- Work instruction -
Only one span is wanted from the lines below: from the one with "支持Android/iOS的" up to and including the one with "Cand ne-am intors…indreptandu-ne". Copy it exactly, without images.

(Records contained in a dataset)

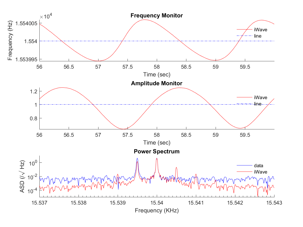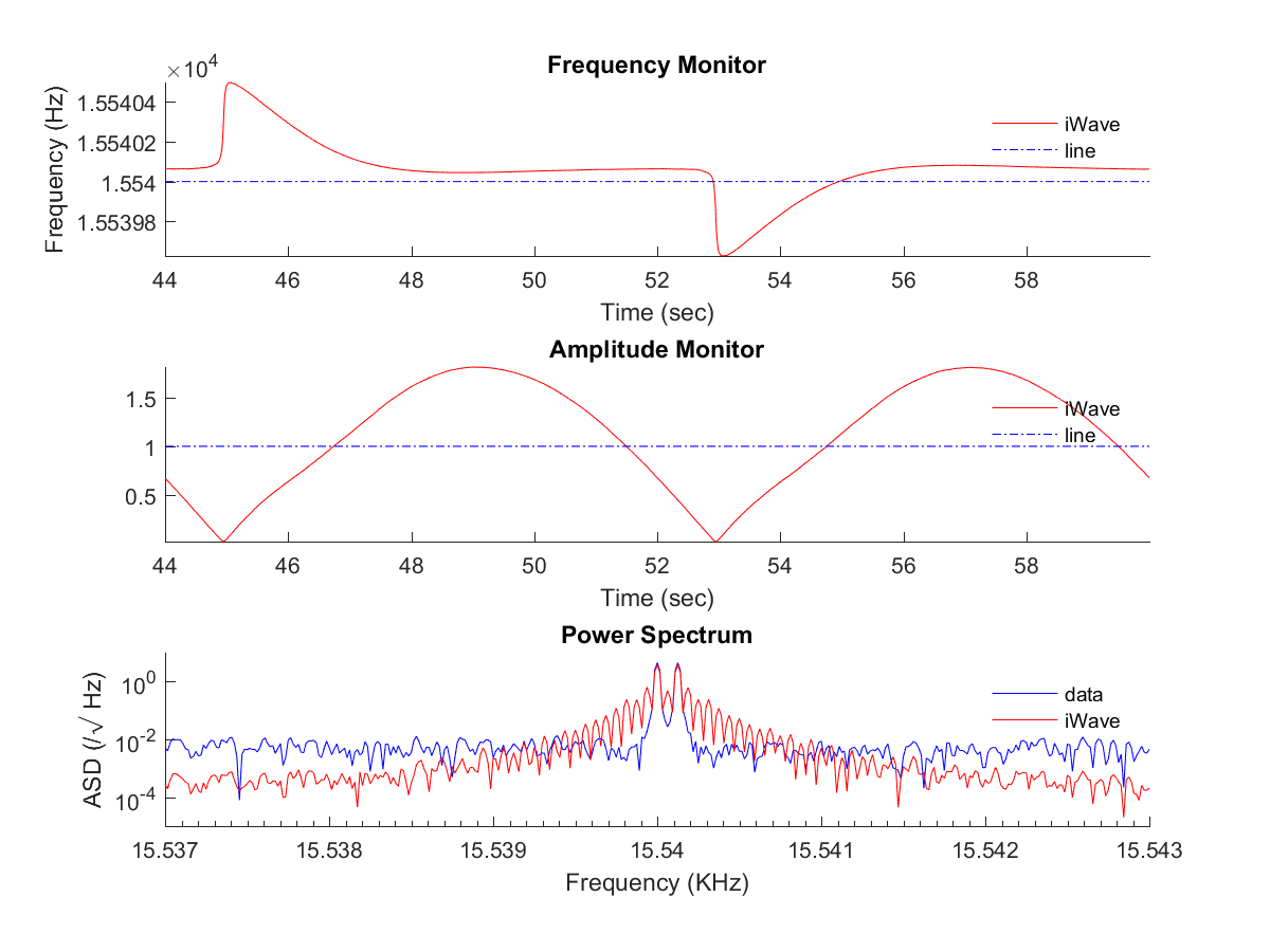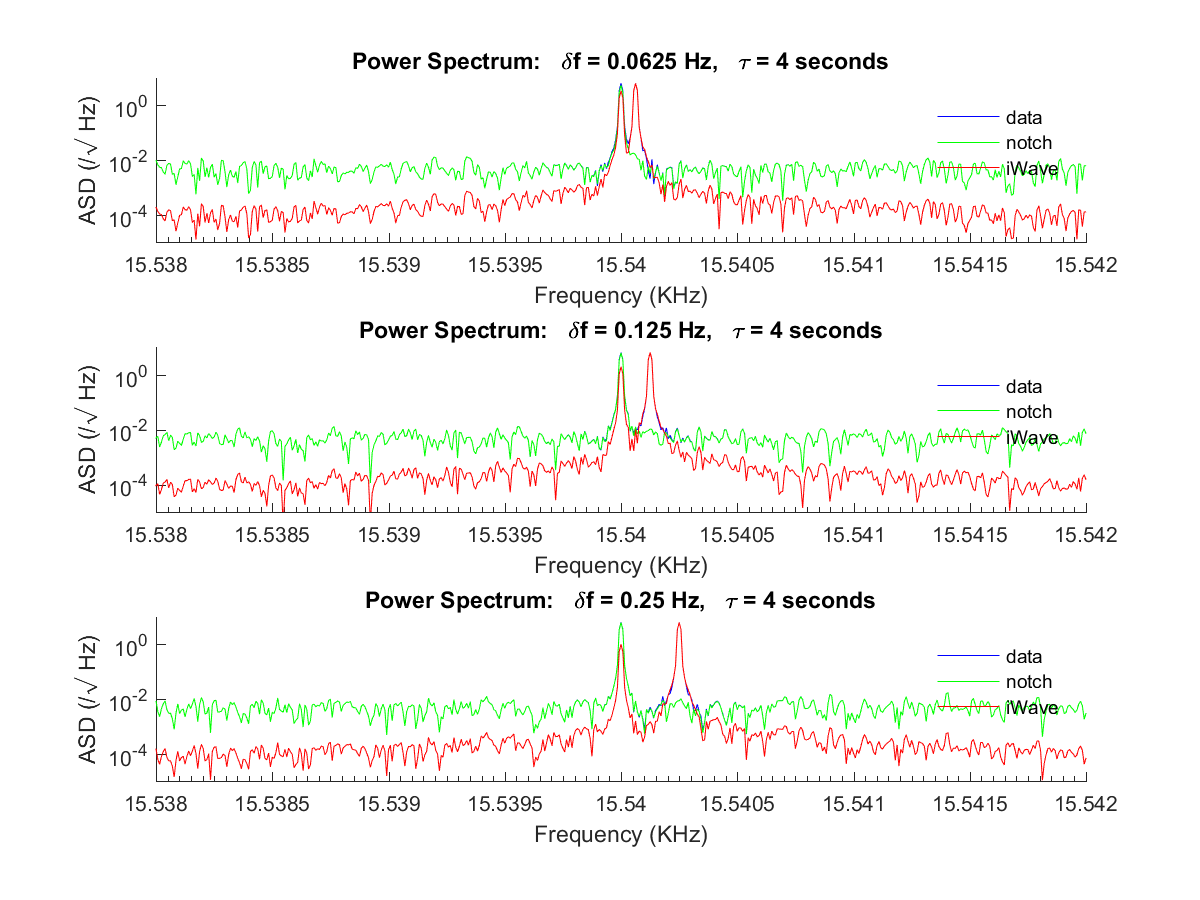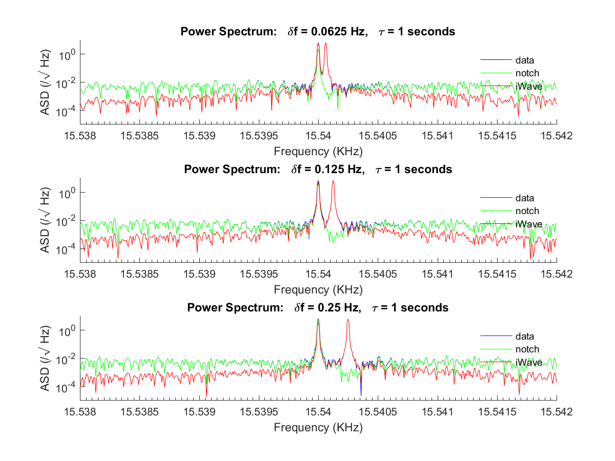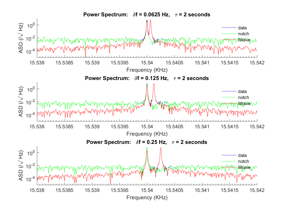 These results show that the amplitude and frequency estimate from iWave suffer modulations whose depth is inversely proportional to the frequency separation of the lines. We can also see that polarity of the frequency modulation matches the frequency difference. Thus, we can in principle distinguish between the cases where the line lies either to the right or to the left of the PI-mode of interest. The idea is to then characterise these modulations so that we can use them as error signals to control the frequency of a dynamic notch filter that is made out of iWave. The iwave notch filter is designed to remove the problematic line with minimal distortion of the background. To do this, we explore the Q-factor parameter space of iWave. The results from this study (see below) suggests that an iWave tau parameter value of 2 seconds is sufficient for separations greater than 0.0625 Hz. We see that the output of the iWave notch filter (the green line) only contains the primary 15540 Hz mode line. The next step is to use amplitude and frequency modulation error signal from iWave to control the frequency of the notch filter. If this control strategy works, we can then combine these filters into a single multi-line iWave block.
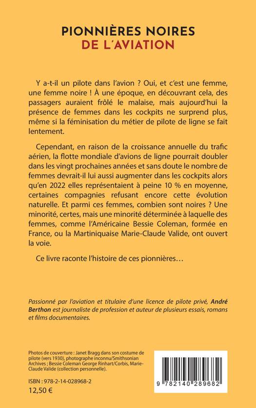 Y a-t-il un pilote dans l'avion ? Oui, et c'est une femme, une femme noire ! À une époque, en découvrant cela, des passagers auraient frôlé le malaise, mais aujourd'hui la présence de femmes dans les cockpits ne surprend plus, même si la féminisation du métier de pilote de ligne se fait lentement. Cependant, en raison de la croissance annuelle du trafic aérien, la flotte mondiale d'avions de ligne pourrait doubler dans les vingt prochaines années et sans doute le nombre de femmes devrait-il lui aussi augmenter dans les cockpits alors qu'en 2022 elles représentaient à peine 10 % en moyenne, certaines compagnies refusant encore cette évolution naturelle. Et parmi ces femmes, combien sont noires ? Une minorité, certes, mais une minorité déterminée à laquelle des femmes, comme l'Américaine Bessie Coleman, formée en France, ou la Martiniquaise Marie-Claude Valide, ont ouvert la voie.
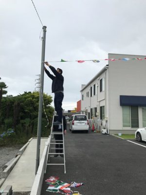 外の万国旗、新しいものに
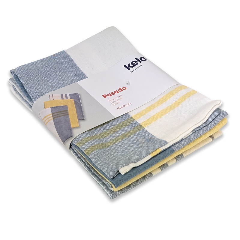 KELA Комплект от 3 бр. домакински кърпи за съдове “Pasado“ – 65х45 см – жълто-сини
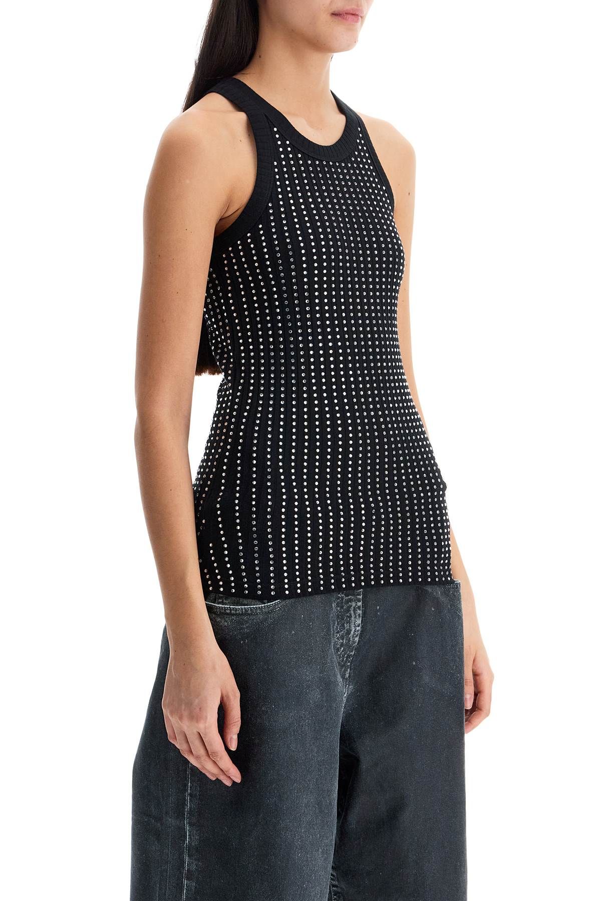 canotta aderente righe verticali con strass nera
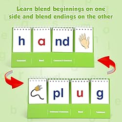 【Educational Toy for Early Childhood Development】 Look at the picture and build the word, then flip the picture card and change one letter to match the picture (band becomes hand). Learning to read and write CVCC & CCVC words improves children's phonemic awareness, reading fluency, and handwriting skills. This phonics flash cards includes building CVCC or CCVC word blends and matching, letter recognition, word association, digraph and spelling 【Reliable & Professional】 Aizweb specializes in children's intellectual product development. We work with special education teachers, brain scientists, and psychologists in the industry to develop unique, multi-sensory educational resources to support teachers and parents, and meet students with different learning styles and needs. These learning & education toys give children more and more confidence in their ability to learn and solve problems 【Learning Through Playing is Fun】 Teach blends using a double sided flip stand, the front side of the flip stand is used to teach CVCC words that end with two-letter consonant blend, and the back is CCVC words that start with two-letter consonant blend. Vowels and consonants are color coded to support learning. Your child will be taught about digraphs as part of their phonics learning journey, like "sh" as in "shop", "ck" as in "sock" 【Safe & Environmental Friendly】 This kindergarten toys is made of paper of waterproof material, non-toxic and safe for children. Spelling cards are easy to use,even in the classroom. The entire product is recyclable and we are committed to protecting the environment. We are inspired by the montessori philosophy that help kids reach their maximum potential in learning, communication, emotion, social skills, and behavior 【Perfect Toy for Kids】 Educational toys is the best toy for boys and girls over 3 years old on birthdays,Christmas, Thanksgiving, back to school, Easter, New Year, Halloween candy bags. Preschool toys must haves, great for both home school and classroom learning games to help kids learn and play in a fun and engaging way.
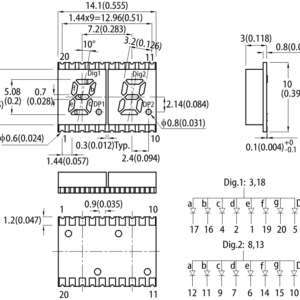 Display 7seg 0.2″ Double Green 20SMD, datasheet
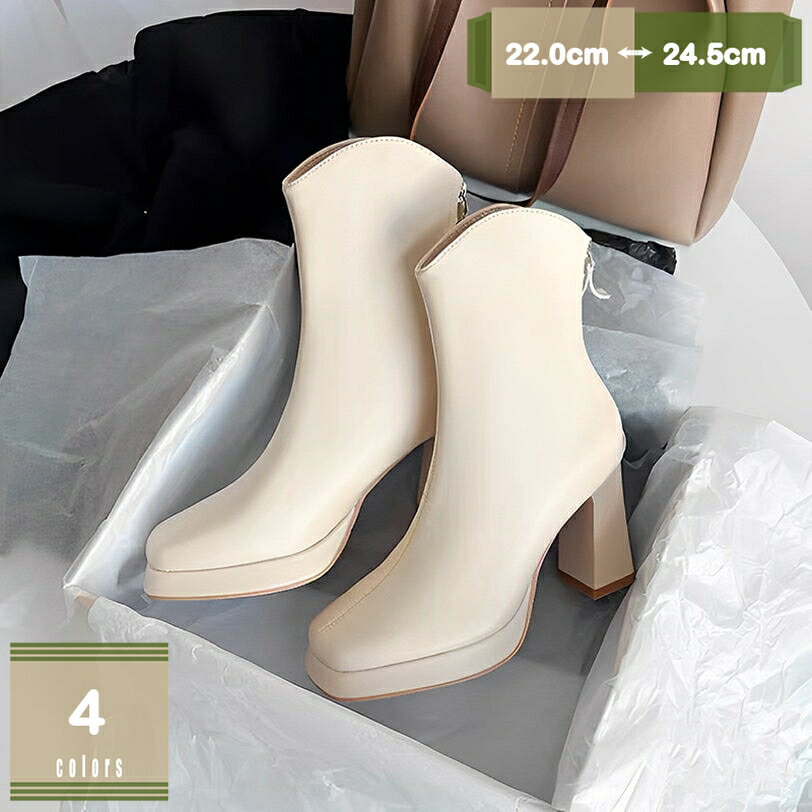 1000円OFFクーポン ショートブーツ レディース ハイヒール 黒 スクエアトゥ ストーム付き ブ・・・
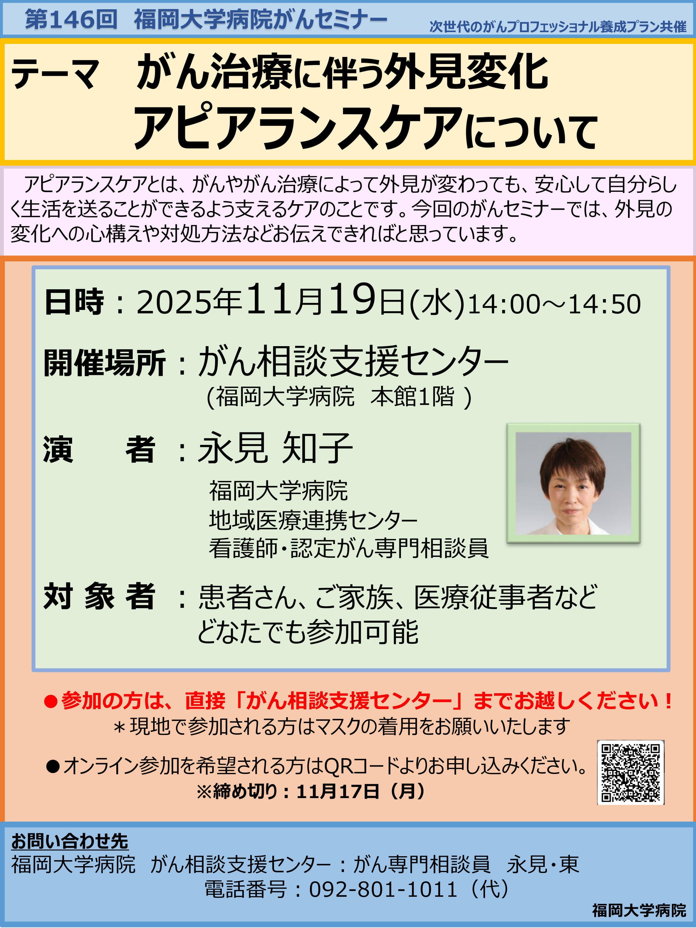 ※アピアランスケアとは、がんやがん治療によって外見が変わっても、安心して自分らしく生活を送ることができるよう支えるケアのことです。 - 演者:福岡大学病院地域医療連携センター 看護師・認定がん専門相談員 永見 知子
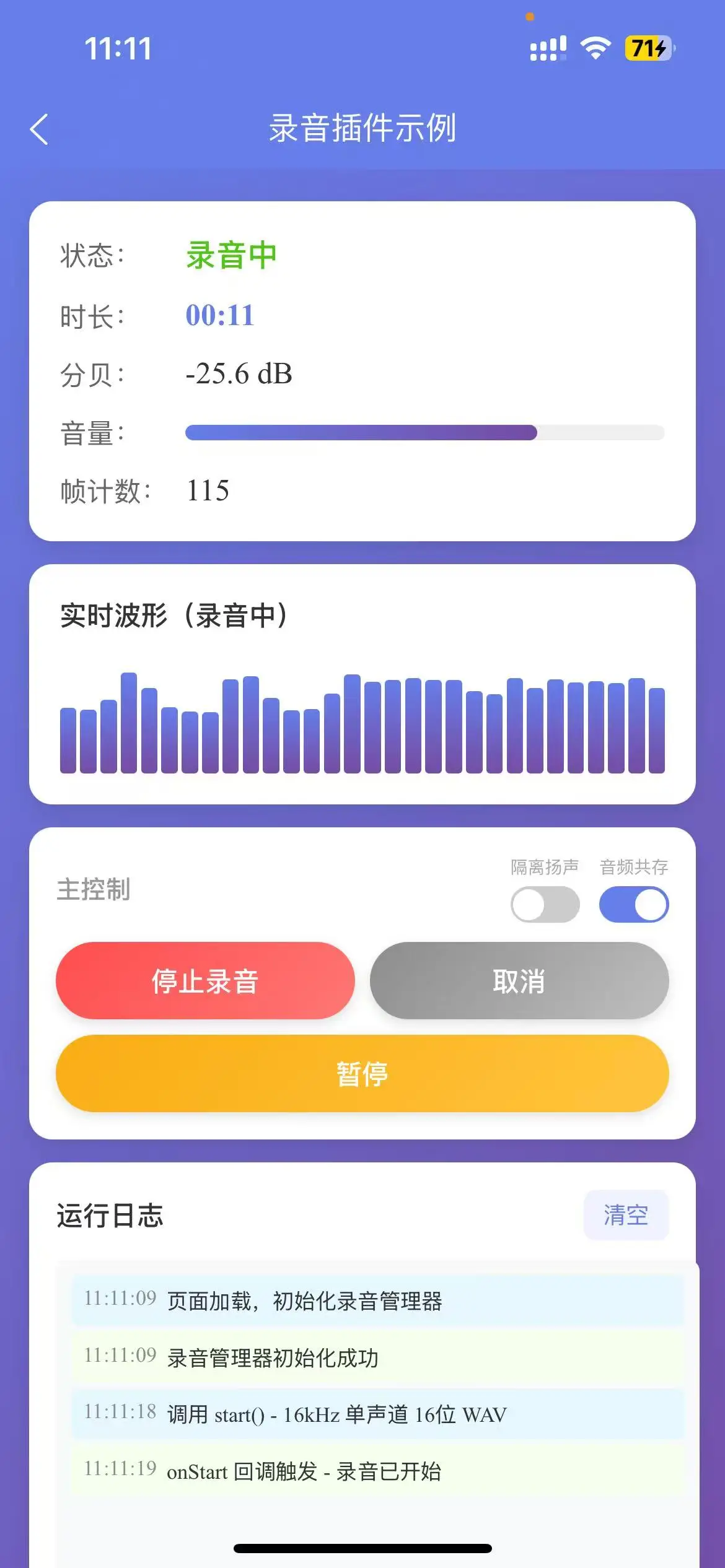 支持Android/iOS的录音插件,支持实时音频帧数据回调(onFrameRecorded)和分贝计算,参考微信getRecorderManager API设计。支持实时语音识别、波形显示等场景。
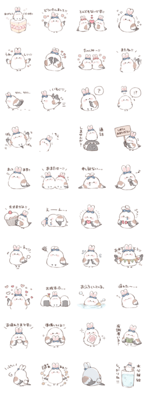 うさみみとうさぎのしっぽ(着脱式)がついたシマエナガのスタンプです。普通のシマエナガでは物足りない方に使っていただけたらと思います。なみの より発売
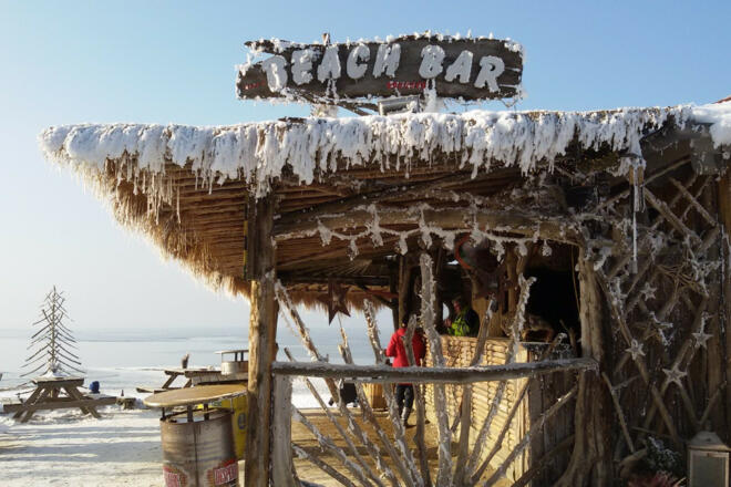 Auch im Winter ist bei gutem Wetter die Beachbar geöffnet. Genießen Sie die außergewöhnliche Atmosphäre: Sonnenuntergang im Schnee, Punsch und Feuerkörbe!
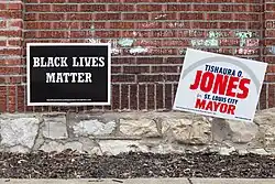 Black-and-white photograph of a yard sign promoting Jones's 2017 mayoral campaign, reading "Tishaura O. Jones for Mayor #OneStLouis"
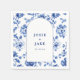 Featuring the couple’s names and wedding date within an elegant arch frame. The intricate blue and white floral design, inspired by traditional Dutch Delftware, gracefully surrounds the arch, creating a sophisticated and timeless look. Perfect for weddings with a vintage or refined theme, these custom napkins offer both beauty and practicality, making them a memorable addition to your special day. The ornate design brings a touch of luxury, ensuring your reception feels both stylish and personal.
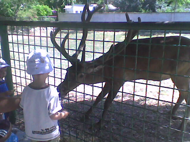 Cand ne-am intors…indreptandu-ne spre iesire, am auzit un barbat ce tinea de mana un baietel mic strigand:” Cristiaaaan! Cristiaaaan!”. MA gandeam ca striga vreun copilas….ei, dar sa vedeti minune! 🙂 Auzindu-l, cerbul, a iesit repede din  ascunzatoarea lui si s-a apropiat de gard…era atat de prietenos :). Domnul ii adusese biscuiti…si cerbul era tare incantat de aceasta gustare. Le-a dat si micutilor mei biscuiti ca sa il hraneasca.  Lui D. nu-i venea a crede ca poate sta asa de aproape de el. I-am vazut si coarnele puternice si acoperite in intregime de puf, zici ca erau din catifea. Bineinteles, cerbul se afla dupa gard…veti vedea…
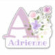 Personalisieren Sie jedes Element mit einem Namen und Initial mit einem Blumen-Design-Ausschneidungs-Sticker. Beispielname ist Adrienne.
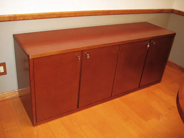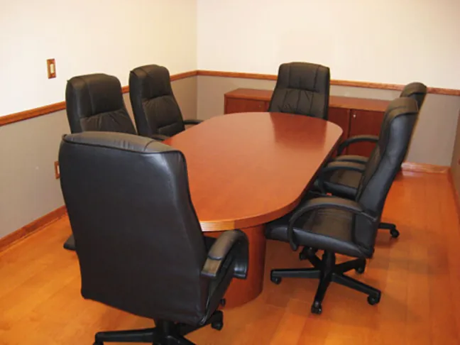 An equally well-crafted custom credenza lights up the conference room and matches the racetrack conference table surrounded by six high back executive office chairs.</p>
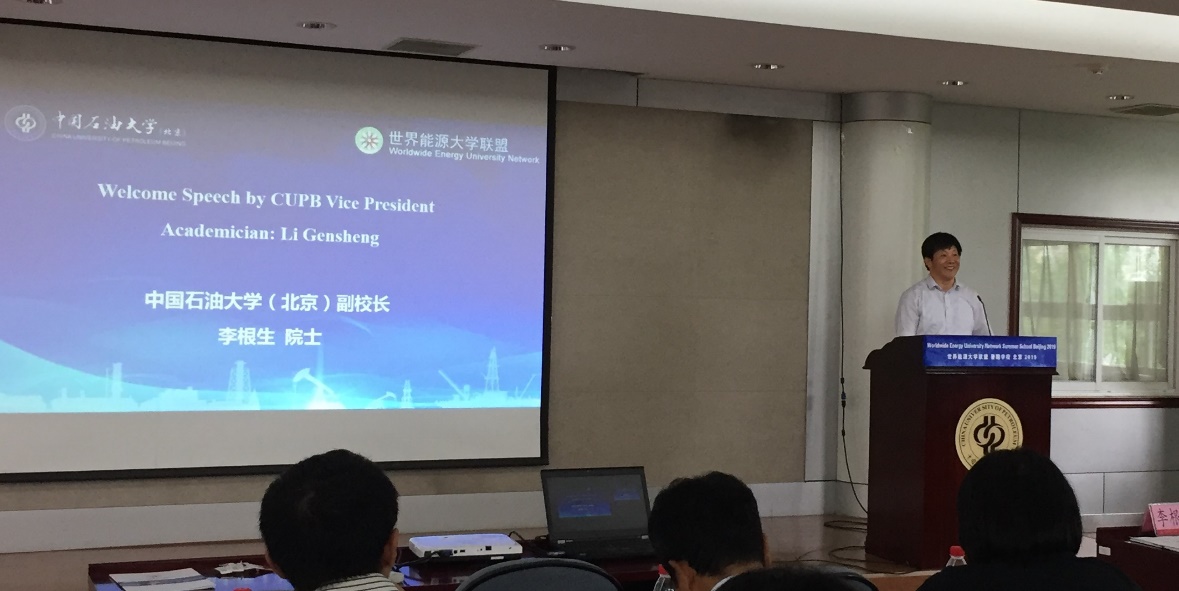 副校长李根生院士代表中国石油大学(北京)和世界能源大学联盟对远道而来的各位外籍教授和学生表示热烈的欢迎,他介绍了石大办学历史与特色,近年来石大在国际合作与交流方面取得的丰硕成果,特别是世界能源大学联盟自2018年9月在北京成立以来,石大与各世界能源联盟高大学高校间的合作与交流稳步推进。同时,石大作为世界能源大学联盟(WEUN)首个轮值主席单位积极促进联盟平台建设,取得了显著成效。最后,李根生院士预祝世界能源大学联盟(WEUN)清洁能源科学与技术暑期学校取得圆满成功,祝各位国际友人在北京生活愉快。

- Task response -
 支持Android/iOS的录音插件,支持实时音频帧数据回调(onFrameRecorded)和分贝计算,参考微信getRecorderManager API设计。支持实时语音识别、波形显示等场景。
 うさみみとうさぎのしっぽ(着脱式)がついたシマエナガのスタンプです。普通のシマエナガでは物足りない方に使っていただけたらと思います。なみの より発売
 Auch im Winter ist bei gutem Wetter die Beachbar geöffnet. Genießen Sie die außergewöhnliche Atmosphäre: Sonnenuntergang im Schnee, Punsch und Feuerkörbe!
 Black-and-white photograph of a yard sign promoting Jones's 2017 mayoral campaign, reading "Tishaura O. Jones for Mayor #OneStLouis"
 Featuring the couple’s names and wedding date within an elegant arch frame. The intricate blue and white floral design, inspired by traditional Dutch Delftware, gracefully surrounds the arch, creating a sophisticated and timeless look. Perfect for weddings with a vintage or refined theme, these custom napkins offer both beauty and practicality, making them a memorable addition to your special day. The ornate design brings a touch of luxury, ensuring your reception feels both stylish and personal.
 Cand ne-am intors…indreptandu-ne spre iesire, am auzit un barbat ce tinea de mana un baietel mic strigand:” Cristiaaaan! Cristiaaaan!”. MA gandeam ca striga vreun copilas….ei, dar sa vedeti minune! 🙂 Auzindu-l, cerbul, a iesit repede din  ascunzatoarea lui si s-a apropiat de gard…era atat de prietenos :). Domnul ii adusese biscuiti…si cerbul era tare incantat de aceasta gustare. Le-a dat si micutilor mei biscuiti ca sa il hraneasca.  Lui D. nu-i venea a crede ca poate sta asa de aproape de el. I-am vazut si coarnele puternice si acoperite in intregime de puf, zici ca erau din catifea. Bineinteles, cerbul se afla dupa gard…veti vedea…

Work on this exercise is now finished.